Another error is the troubling conviction among proponents of growth attenuation that children like Ashley are unaware of what is being done to them. History is full of cases of people who were deemed irredeemably incapable because they were unable to communicate. But new technologies for communication and detection of brain activity are constantly being developed. Take the case of Ruth Sienckiewcz-Mercer, who became completely paralyzed and unable to communicate after a bout of encephalitis at age five. Doctors diagnosed her as an “imbecile,” and she was confined to an institution where neglect and abuse were rampant. Eventually, new staff discovered she could communicate by moving her eyes, revealing previously unrecognized depth of intelligence and understanding. Her remarkable story is told in the memoir, I Raise My Eyes to Say Yes.
But does growth attenuation truly merit our censure, given that the procedure is extremely rare and so controversial that few doctors agree to perform it? Beyond their dire consequences for the individuals involved, these treatments matter because they reveal a logic that forecloses the future for so many children with disabilities who, the story goes, can look forward only to suffering and limitation. Don’t get me wrong: There is nothing wrong with being a janitor or a bagger at a supermarket. I wouldn’t be sorry if Henry ended up with one of these jobs, as long as he is treated with kindness and respect. Nor am I arguing against planning for the security and well-being of a dependent who may need lifelong care. But when we are too quick to imagine that this is a child’s entire horizon of possibility, we deny the possibility of an open future.

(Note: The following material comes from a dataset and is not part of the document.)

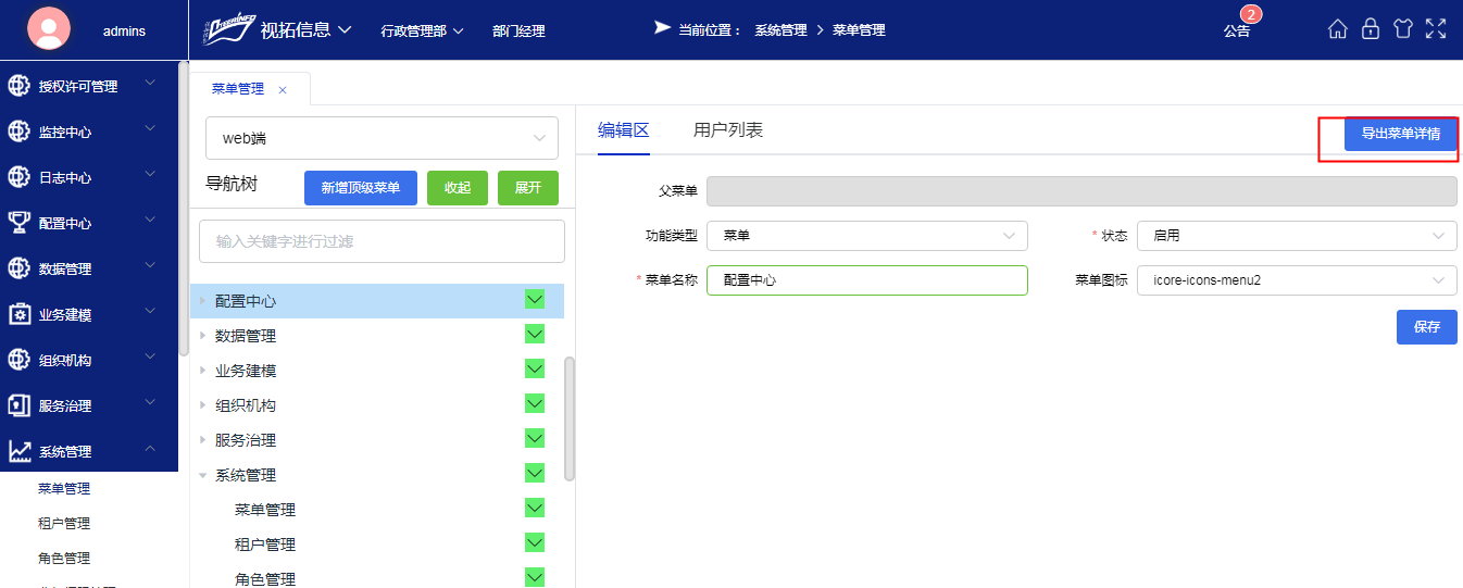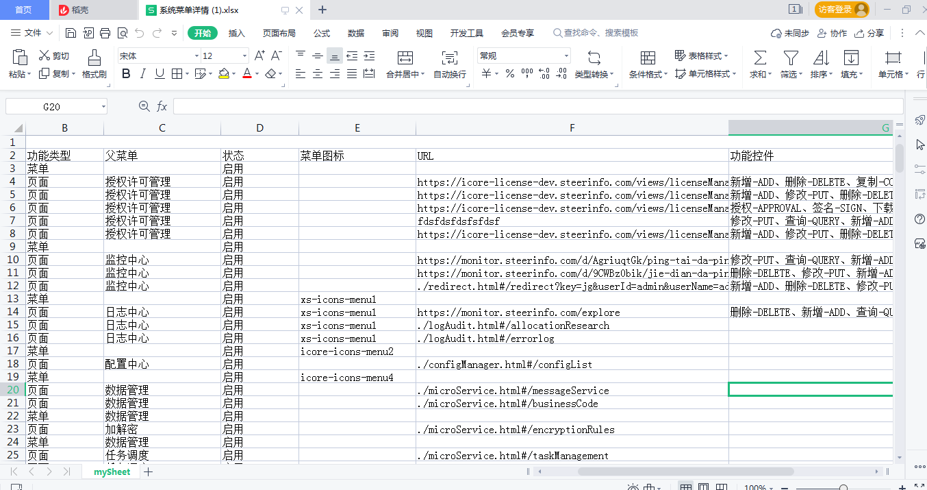 点击“导出菜单详情”按钮;可以把所有菜单以excel文档下载查看详情;如下图所示:

One of my favorite memories of Henry’s babyhood also involves flawed thinking about the future, this time my own. I confessed to one of his therapists that I had become a Down syndrome stalker. When I saw adults with Down syndrome, I would sometimes follow them in the hope of catching a glimpse into my son’s future. “I doubt that,” she laughed. “Henry’s future is going to be completely different. With all the therapy he’s getting, and the educational opportunities available today, who knows what he’ll be able to do?” I’m grateful to her for pointing out my mistake. Without knowing how different his future will be, as Henry’s parent it is my job to make sure her question remains open.